(Collection entries)

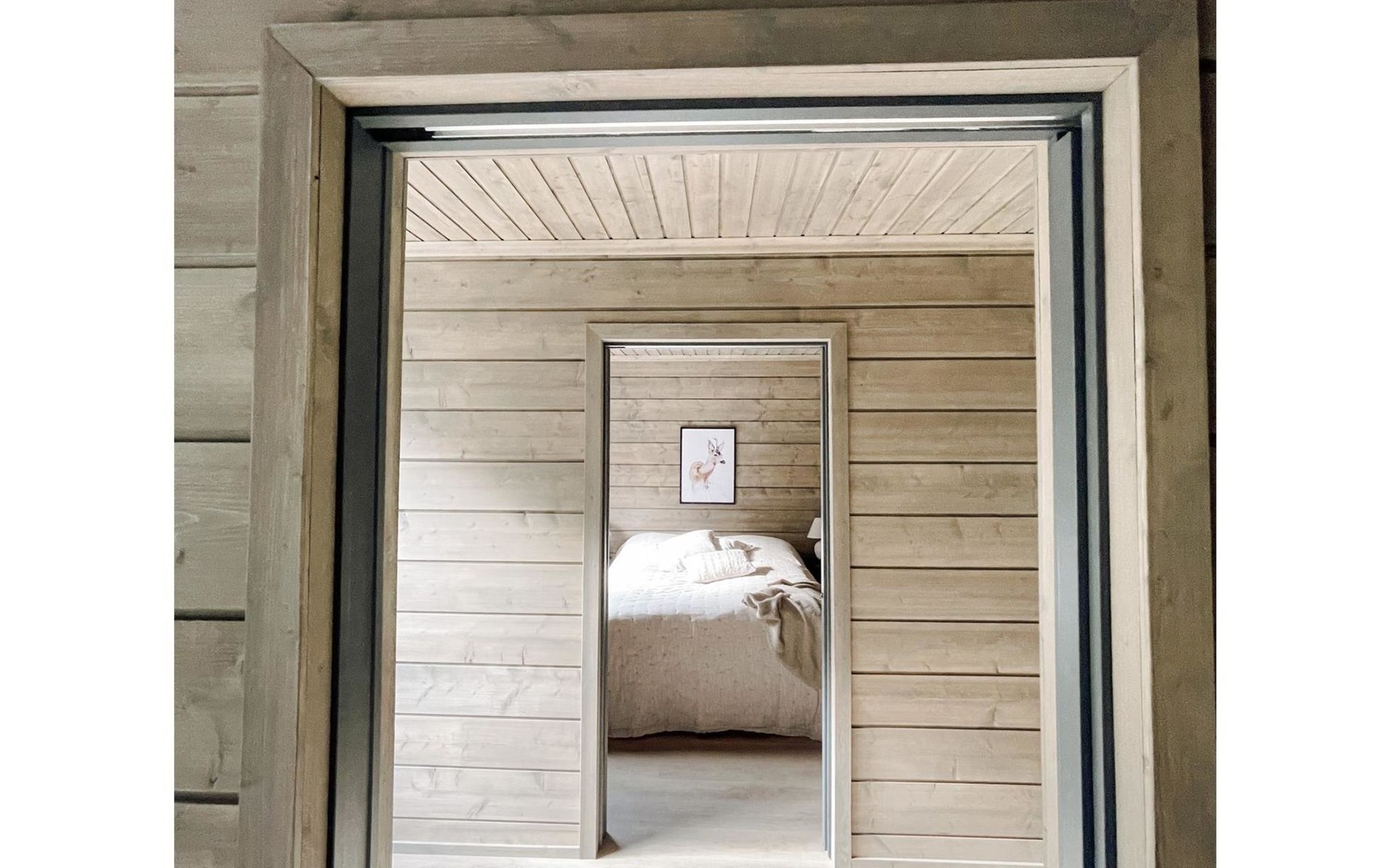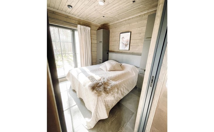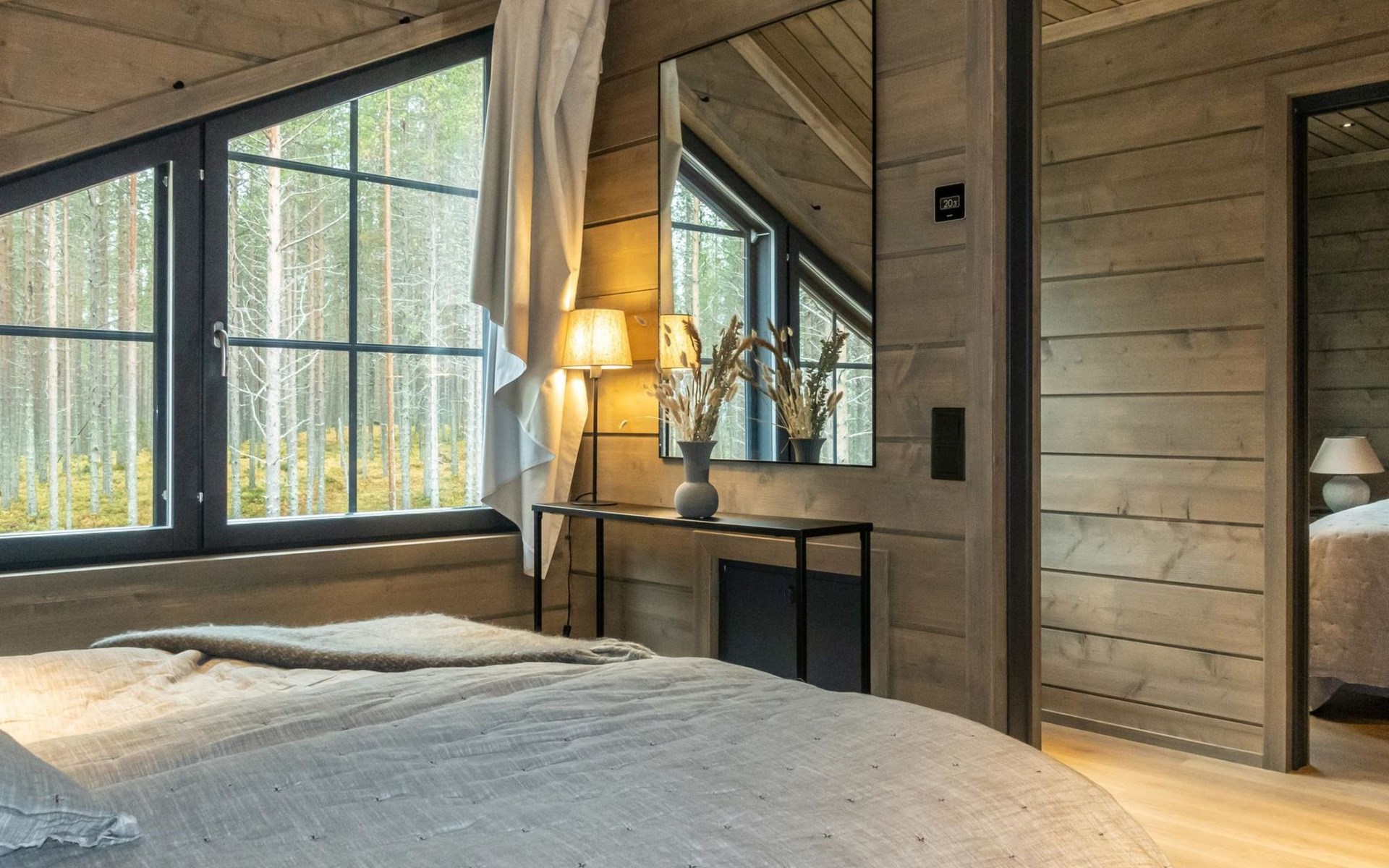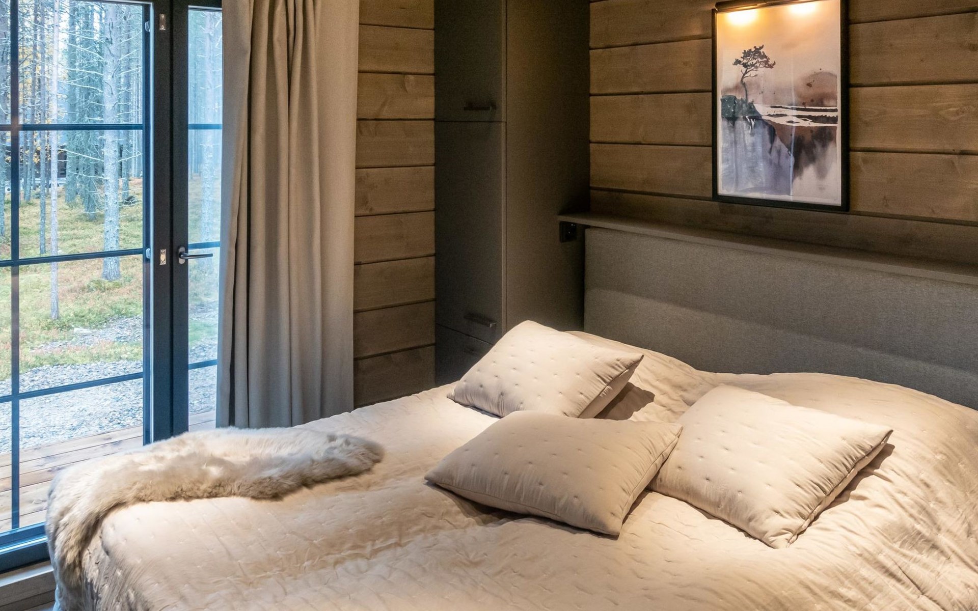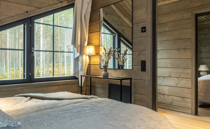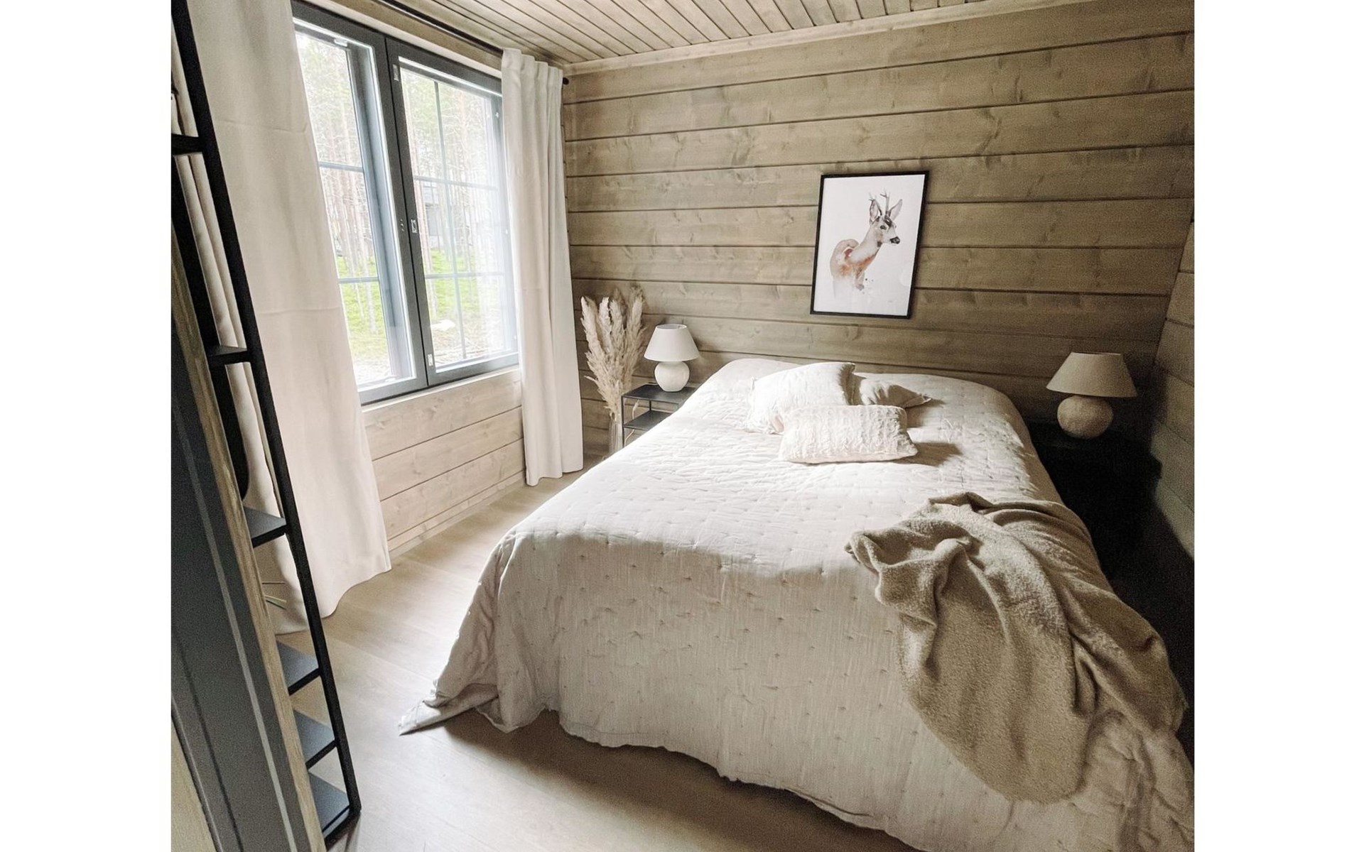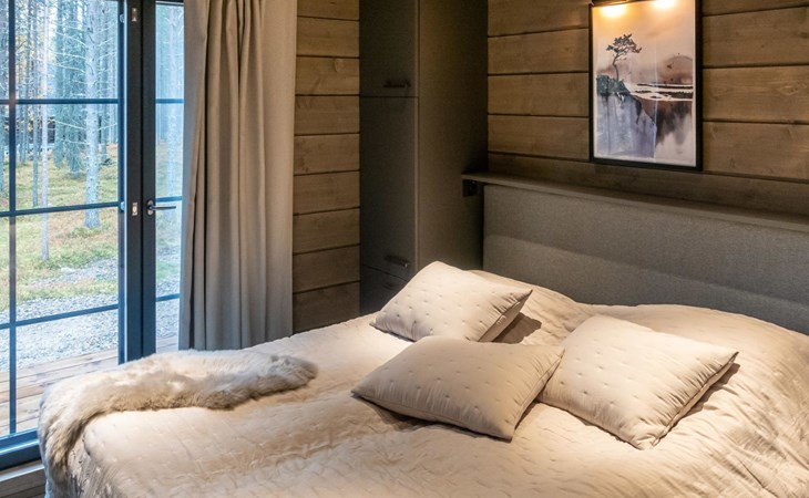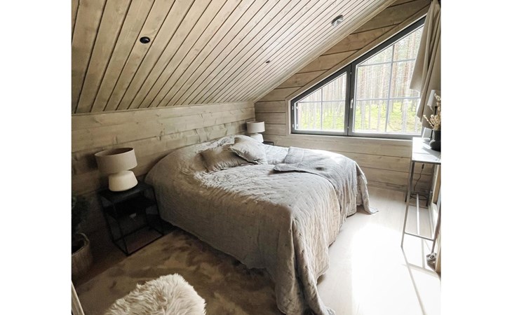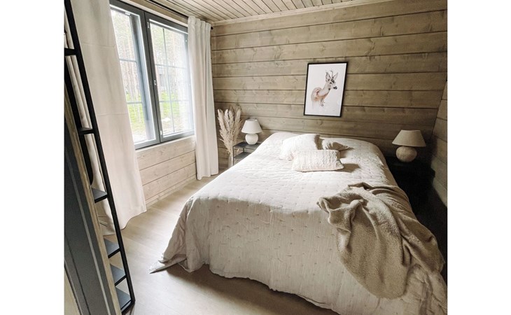 On the ground floor, there is one of Willa's four bedrooms. The bedroom has high-quality 180 cm wide bed and very high-quality pillows and blankets. The room is wonderfully bright thanks to the floor-to-ceiling window, but at night the bedroom can be darkened with a blackout curtain.
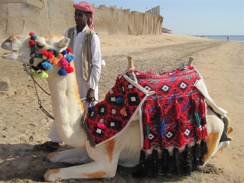 op het strand 20 km onder Hurgada
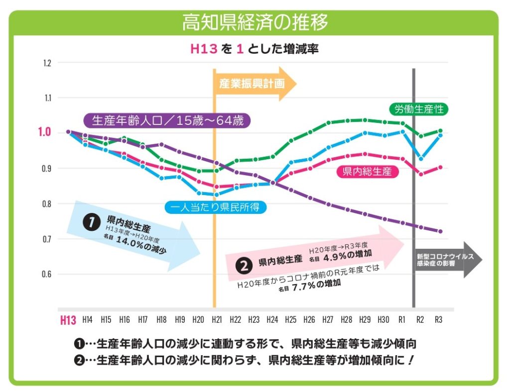 高知県の経済は平成13(2001)年から、生産年齢人口、労働生産性、県内総生産、一人当たりの県民所得が揃って低下していました。平成21(2009)年に産業振興計画が開始されたのを機に、各経済指標は上昇傾向に転じ、有効求人数も増えていきました。コロナ禍でいったん落ちたものの、その後、再び回復しています。
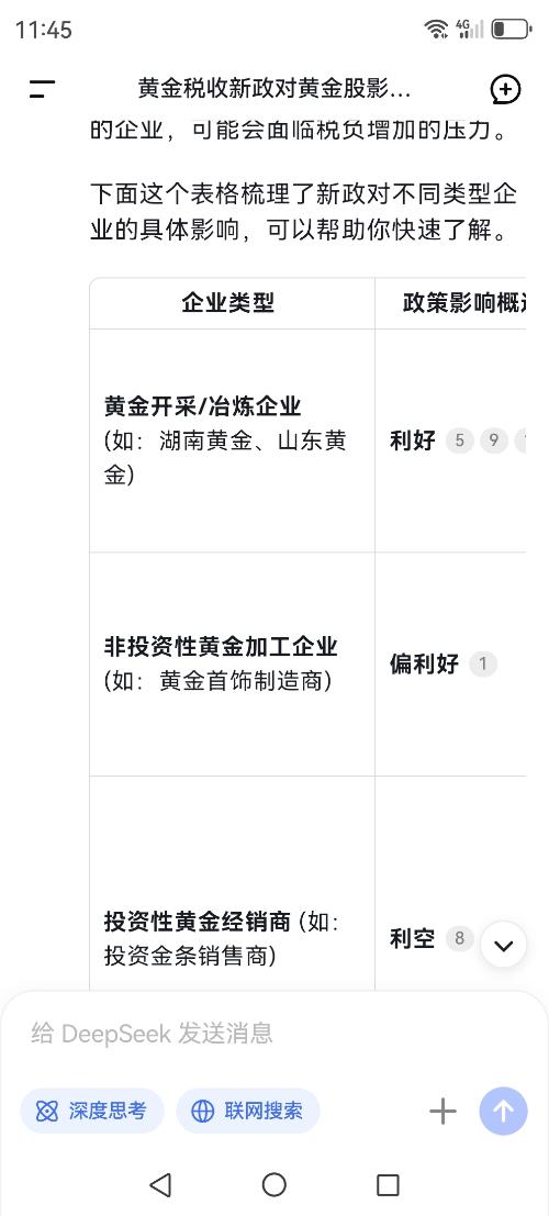 就说两点 税改增加了黄金流通环节的税收成本,企业为覆盖成本必然上调售价; 市场上“平台停售金条、价格暴涨”的现象,也印证了税改对实物金市场的冲击
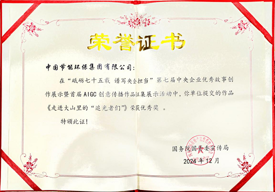 中國(guó)節(jié)能作品榮獲第七屆中央企業(yè)優(yōu)秀故事暨首屆AIGC創(chuàng)意傳播優(yōu)秀作品 |
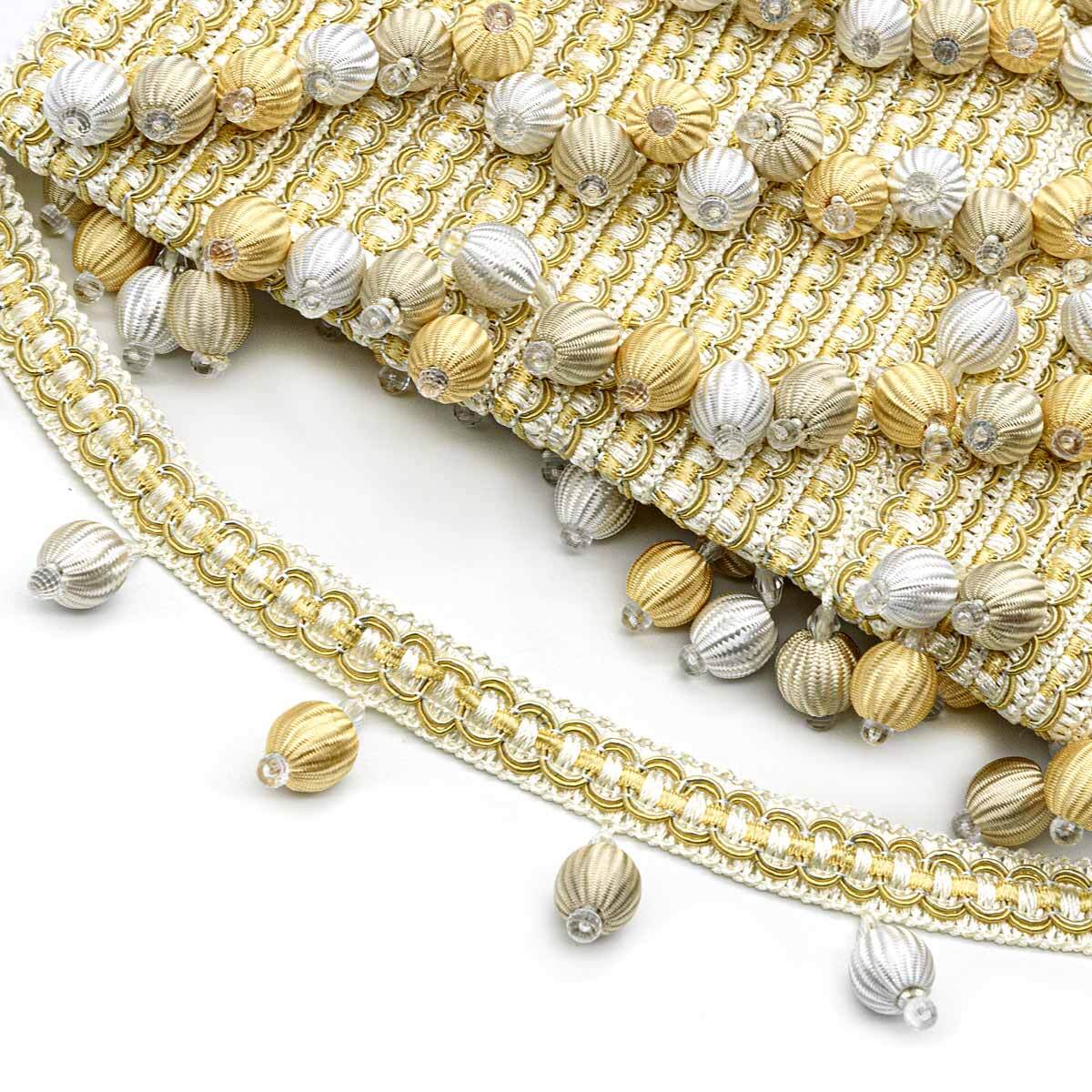 Бахрома-кант лучше всего подходит для отделки штор, гардин. Тонкий ряд из рифленых шариков на тесьме пришивают к шторам, чтобы создать контрастные линии, расставить композиционные акценты, придать шторам более торжественный облик. Шторы с кантом из бубенчиков удачно впишутся в интерьер с 'дворцовым' стилем – барокко, рококо, классический. Кант с бубенчиками используют также для отделки одежды для выступлений, украшения оригинальных блокнотов и альбомов в технике скрапбукинга. Размер: длина ленты 12 м, ширина 5 см, диаметр элементов 1,5 см. Цвет: молочный/светло-бежевый/светлое золото.

Directions for this task: Print, exactly as written, the lines above from the first one to the one containing "中國(guó)節(jié)能". Leave out pictures.

Result for this task:
 On the ground floor, there is one of Willa's four bedrooms. The bedroom has high-quality 180 cm wide bed and very high-quality pillows and blankets. The room is wonderfully bright thanks to the floor-to-ceiling window, but at night the bedroom can be darkened with a blackout curtain.
 op het strand 20 km onder Hurgada
 高知県の経済は平成13(2001)年から、生産年齢人口、労働生産性、県内総生産、一人当たりの県民所得が揃って低下していました。平成21(2009)年に産業振興計画が開始されたのを機に、各経済指標は上昇傾向に転じ、有効求人数も増えていきました。コロナ禍でいったん落ちたものの、その後、再び回復しています。
 就说两点 税改增加了黄金流通环节的税收成本,企业为覆盖成本必然上调售价; 市场上“平台停售金条、价格暴涨”的现象,也印证了税改对实物金市场的冲击
 中國(guó)節(jié)能作品榮獲第七屆中央企業(yè)優(yōu)秀故事暨首屆AIGC創(chuàng)意傳播優(yōu)秀作品 |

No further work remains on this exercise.